A collaborative filtering algorithm based on co-clustering.

This is a straightforward implementation of [GM05].

Basically, users and items are assigned some clusters \(C_u\), \(C_i\), and some co-clusters \(C_{ui}\).

The prediction \(\hat{r}_{ui}\) is set as:

\[\hat{r}_{ui} = \overline{C_{ui}} + (\mu_u - \overline{C_u}) + (\mu_i - \overline{C_i}),\]

where \(\overline{C_{ui}}\) is the average rating of co-cluster \(C_{ui}\), \(\overline{C_u}\) is the average rating of \(u\)’s cluster, and \(\overline{C_i}\) is the average rating of \(i\)’s cluster. If the user is unknown, the prediction is \(\hat{r}_{ui} = \mu_i\). If the item is unknown, the prediction is \(\hat{r}_{ui} = \mu_u\). If both the user and the item are unknown, the prediction is \(\hat{r}_{ui} = \mu\).

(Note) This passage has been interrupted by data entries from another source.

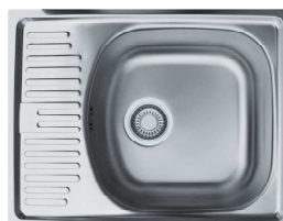
DŘEZ S MALÝM ODKAPÁVAČEM
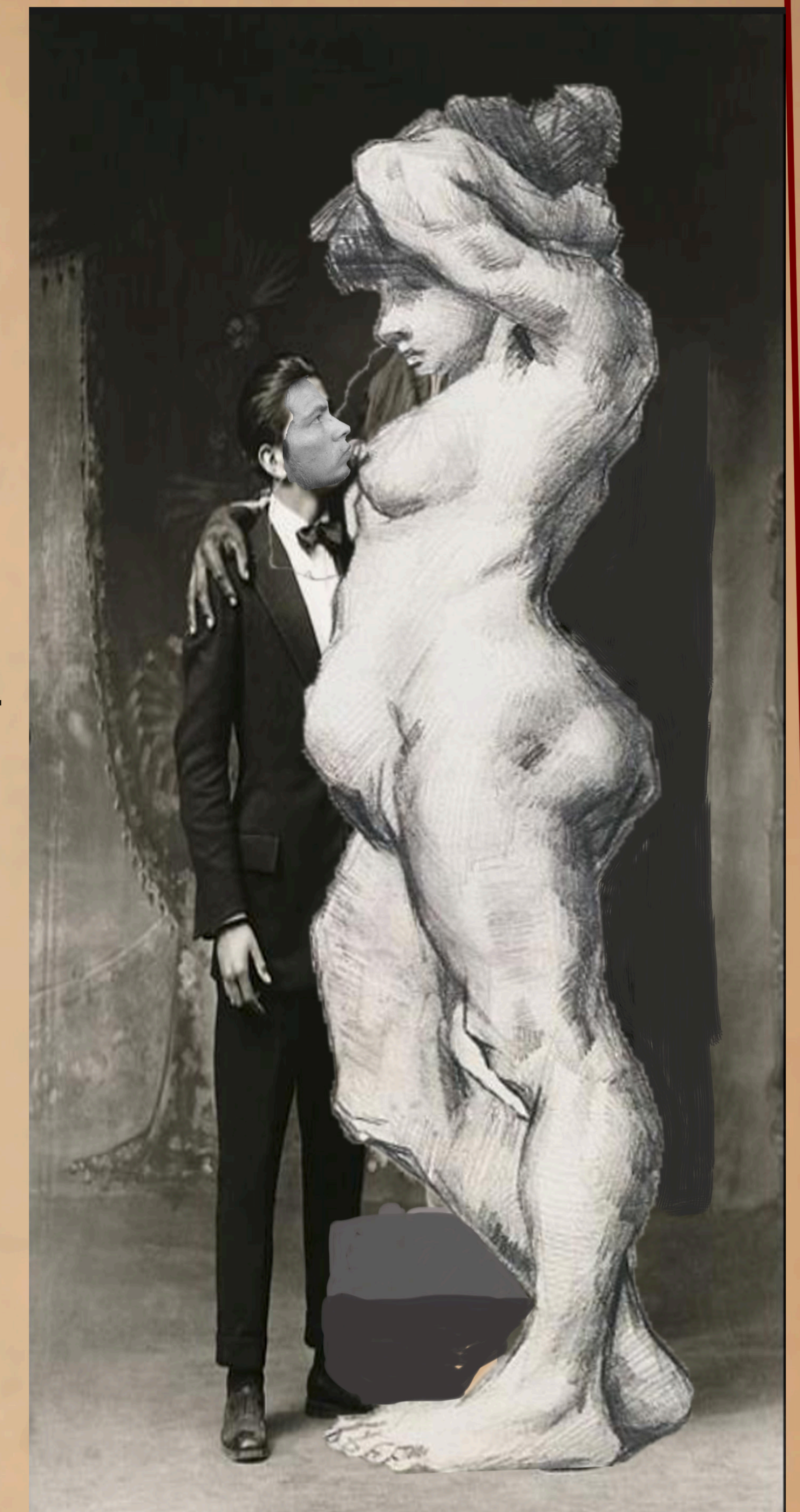
Fig. 4 Apoyo, piedad y fortaleza
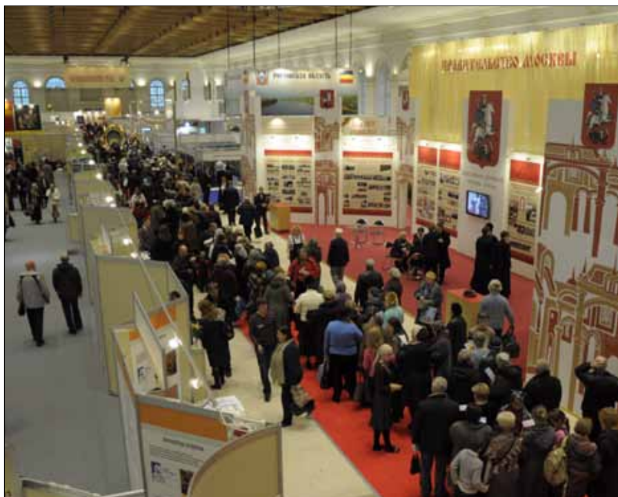
Общая вид выставки и очередь к иконе Живописной Божией Матери. Фотография П. С. Правдолюбова
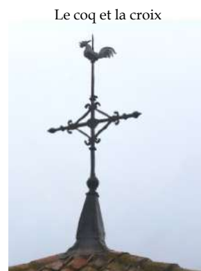
Le coq et la croix

Sur chaque façade du clocher, les baies des abat-sons ont été réparées.
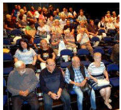
přítomní diváci a nadšenci
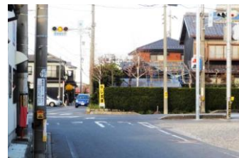
⑥鷹居交差点付近 交差点より北は歩道のないせまい道が多い。右左折する車に注意。
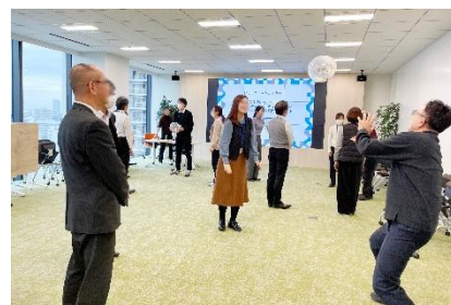
アサーティブコミュニケーションを 取り入れた運動

産業医の指導のもと、座学と運動を組み合わせた実践型プログラムを実施しています。知識と行動の両面から従業員の健康をサポートするとともに、営業所など会場への参加が難しい従業員に向けてオンライン同時配信や後日の動画公開も行い、全社一体で取り組んでいます。
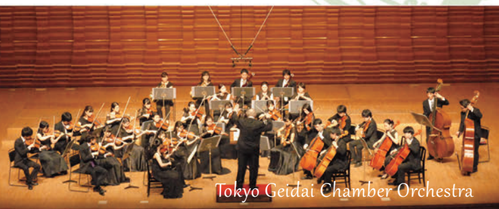
Tokyo Geidai Chamber Orchestra

Tokyo Geidai Chamber Orchestra The 33rd Regular Concert
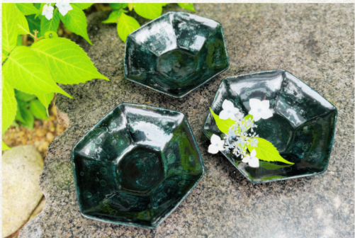
林源太 『乾漆六角銘々皿』
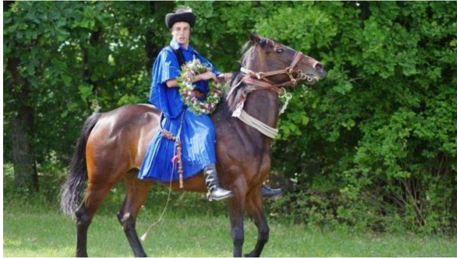
A megválasztott pünkösdi király
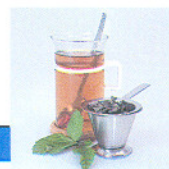
Tee ohne Zucker
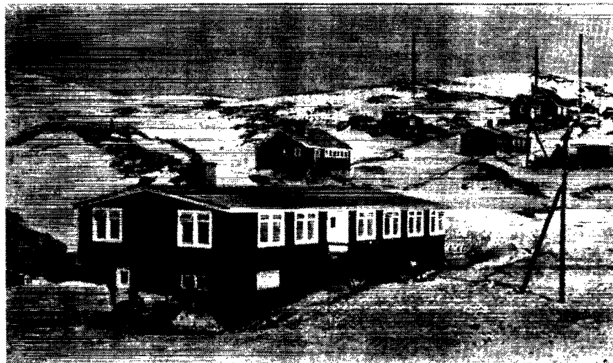
Alderdomshjemmet i Upernavik
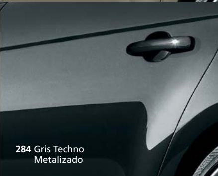
284 Gris Techno Metalizado
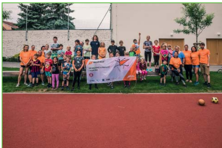
Účastníci celoevropské akce MoveWEEK

Clusters are assigned using a straightforward optimization method, much like k-means.

Parameters
  • n_cltr_u (int) – Number of user clusters. Default is 3.

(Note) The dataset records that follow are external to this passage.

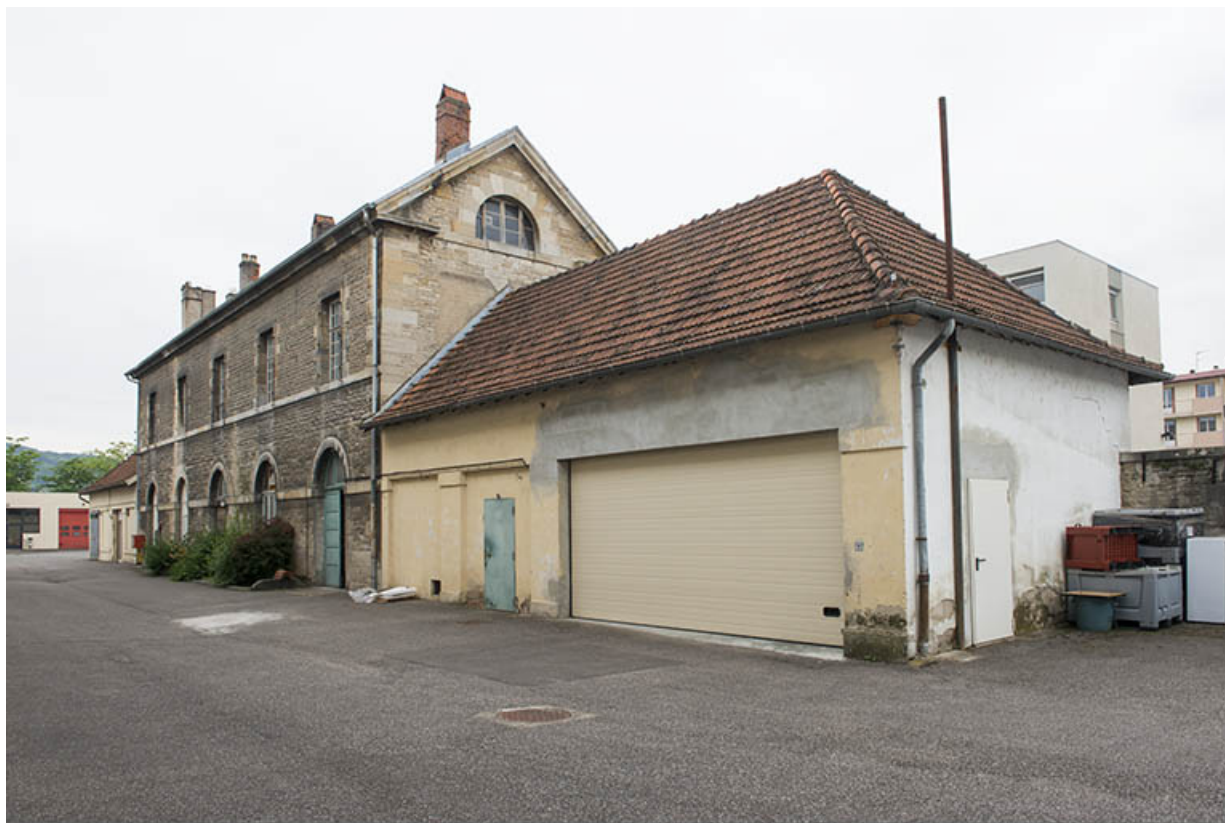
Angle nord-est de l'atelier des agents.
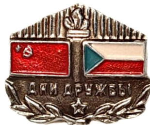
Рис. 23. Знаки из личного архива М.В. Бекленищевой [Fig. 23. Badges from the personal archive of M. Beklenishcheva]
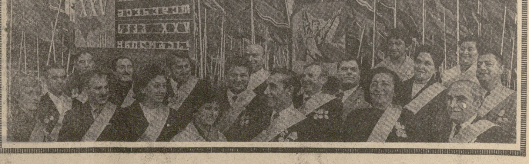
საქართველოს კომპარტიის ცენტრალური კომიტეტის წევრები
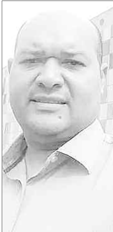
Sargento Ribeiro também tem baixa indicação de votos na disputa eleitoral
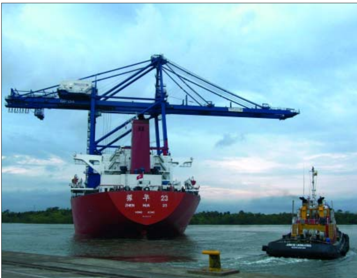
La nueva grúa tiene una capacidad para 65 toneladas

La grúa fue construida por la empresa china ZPMC y llegó a Buenaventura a bordo de la embarcación «Zhen Hua 23».
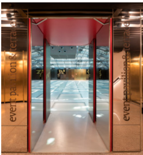
イベントやエキシビション等を行う 「イベントパビリオン」スペース
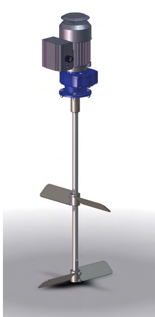
Мешалка для 216,5 л бочки Номер для заказа 0666355

** Зона АTEX 1 соответствует категории взрывобезопасности II2GcIIBT3
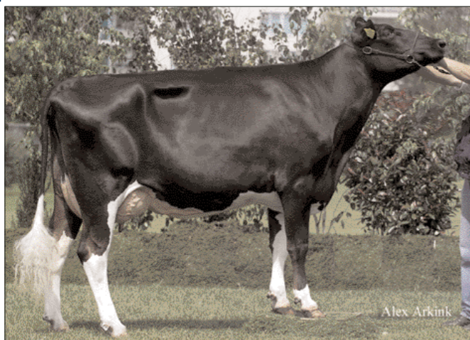
Wiersma 579 (v. Lucky Leo), 1a in rubriek 4 Voorspelde productie: 2.06 305 9417 3,84 3,33
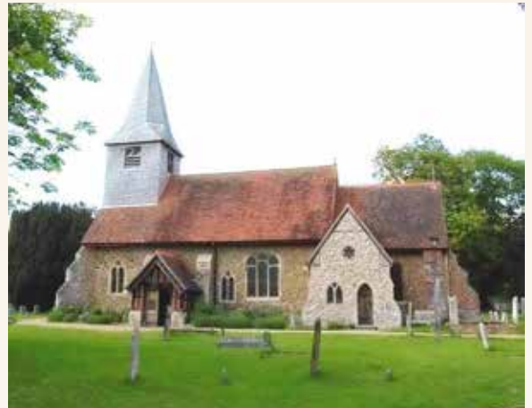
St. Peter's church.
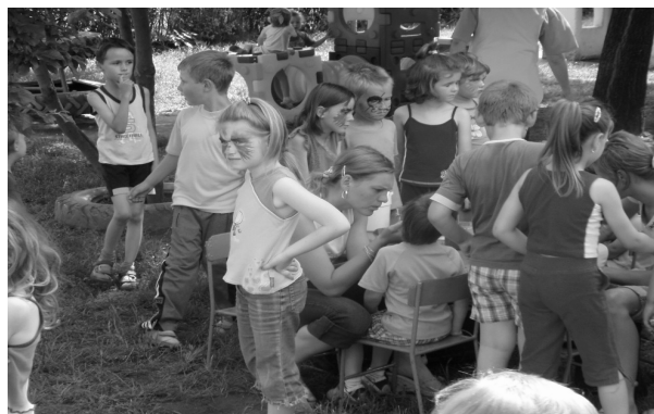
A színházban sem tudnák jobban...
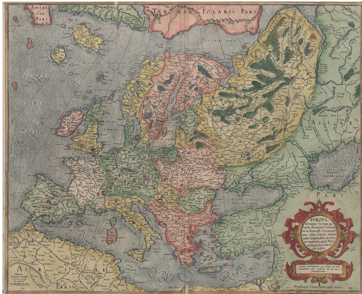
Fig. 2. Mapa de Europa . Gerardus y Rumold Mercator, 1589

Barcelona tenía solamente unos 25.000 habitantes en 1512, pero treinta años más tarde había pasado a tener 40.000. Toledo pasó a tener más de 60.000 en 1571, cifra que la colocó por delante de Granada, cuya población –como veremos– se redujo por entonces. Sevilla llegó a ser la más populosa de todas, a causa de su monopolio del comercio con las Indias; en 1561 había pasado a tener 95.000 habitantes y en 1597 contaba con más de 120.000 10 . A principios de este siglo el embajador de la república de Venecia, Andrea Navagero escribía que las ciudades más sobresalientes de España eran Sevilla, Barcelona, Valencia, Zaragoza, Toledo y Granada. A lo largo de la centuria nuestra ciudad mantendría aún cierto esplendor económico, basado en parte en la importancia de su industria sedera y de los oficios moriscos; aquella industria era tan intensiva que se decía que casi todo el pueblo vivía de ella. Además, durante este tiempo –y aún en el siglo siguiente– la ciudad se constituyó en uno de los centros culturales más notables de la Península, adquiriendo merecida fama por sus escuelas o academias artísticas y literarias. 11
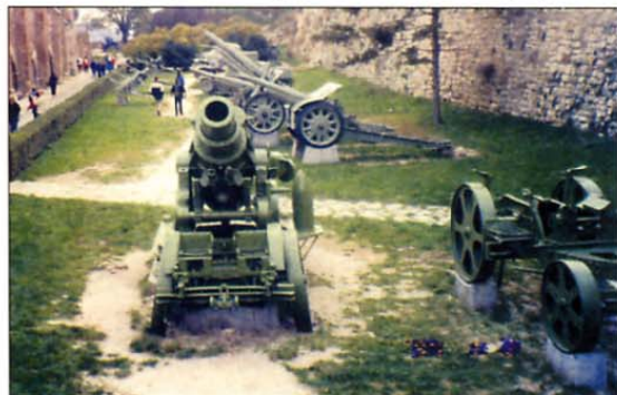
Eden od dveh še obstoječih primerkov možnarja škoda kalibra 30,5 cm je razstavljen v Vojaškem muzeju na Kalemegdanu v Beogradu.

Posebno pozornost so namenili ogledu Vojaškega muzeja na Kalemegdanu. Za temeljit ogled razstavljenih eksponatov v notranjih prostorih

  • n_cltr_i (int) – Number of item clusters. Default is 3.

  • n_epochs (int) – Number of iteration of the optimization loop. Default is 20.

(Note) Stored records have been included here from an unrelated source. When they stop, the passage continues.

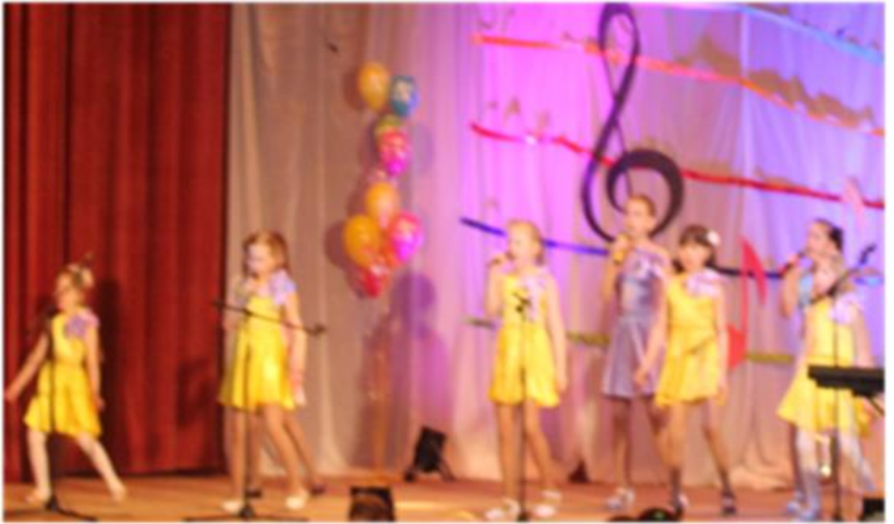
Вокальная группа « ДОМИСОЛЬКА»
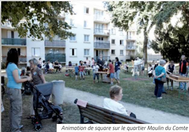
Animation de square sur le quartier Moulin du Comte

Il travaille avec les autres équipements du quartier pour répondre aux besoins des familles et à leurs
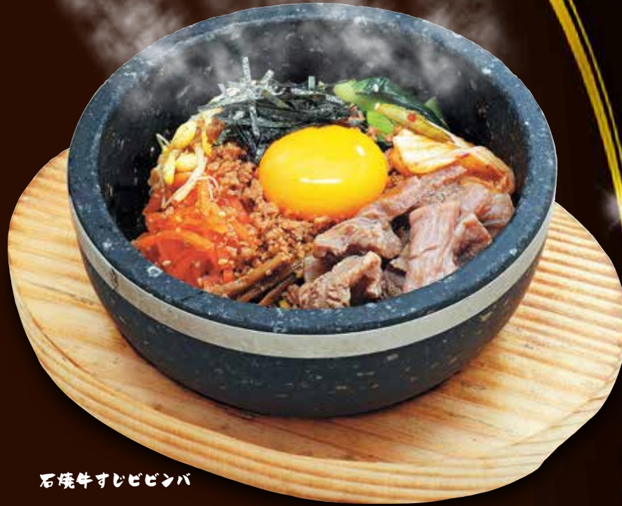
石焼牛すじビビンバ
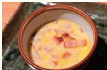
豆乳のホワイトミネストローネ
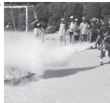
▲消火訓練のようす

一日消防署長任命! 火災予防を市民に幅広く伝えるため、一日消防署長を任命します!
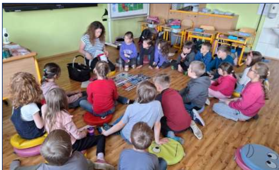
Den Země – 2. třída
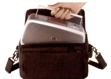
Der Photosmart 475: Portabel mit Tasche und Akku und Platz für 1000 Bilder als externer Speicher.

gen. Mit der modularen Drucktechnologie hat der Anwender die Möglichkeit, einzelne Farben einfach auszuwechseln. Die HP Technologie basiert auf den sechs Vivera Tintenpatronen, einem permanent, für die Lebensdauer des Druckers genutzten Druckkopf mit Tintenreservoir, einer Pumpe, einer Lüftung und einem Tintensensor.
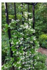
Jasmin étoilé ( Trachelospermum jasminoides ) pour grimper sur la tour
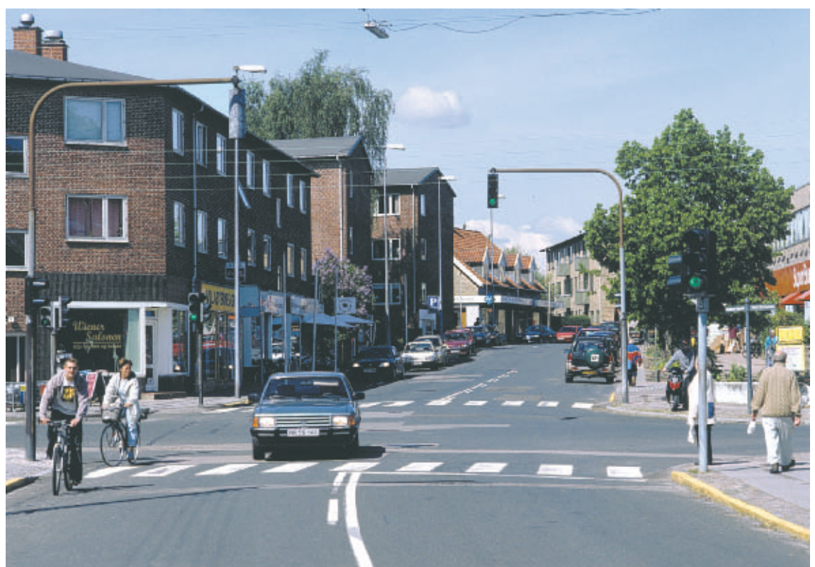
Vangede Bygade er et livligt butiksstrøg med en noget sammensat bebyggelse, der er domineret af tre etagers boligblokke.
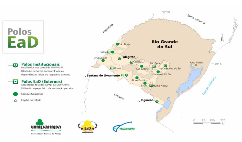
Figura 1 - Polos Unipampa e UAB/Unipampa
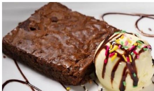
Homemade Fudge Brownie & Ice Cream | 自家製ファッジブラウニーとアイスクリーム

  • random_state (int, RandomState instance from numpy, or None) – Determines the RNG that will be used for initialization. If int, random_state will be used as a seed for a new RNG. This is useful to get the same initialization over multiple calls to fit(). If RandomState instance, this same instance is used as RNG. If None, the current RNG from numpy is used. Default is None.

  • verbose (bool) – If True, the current epoch will be printed. Default is False.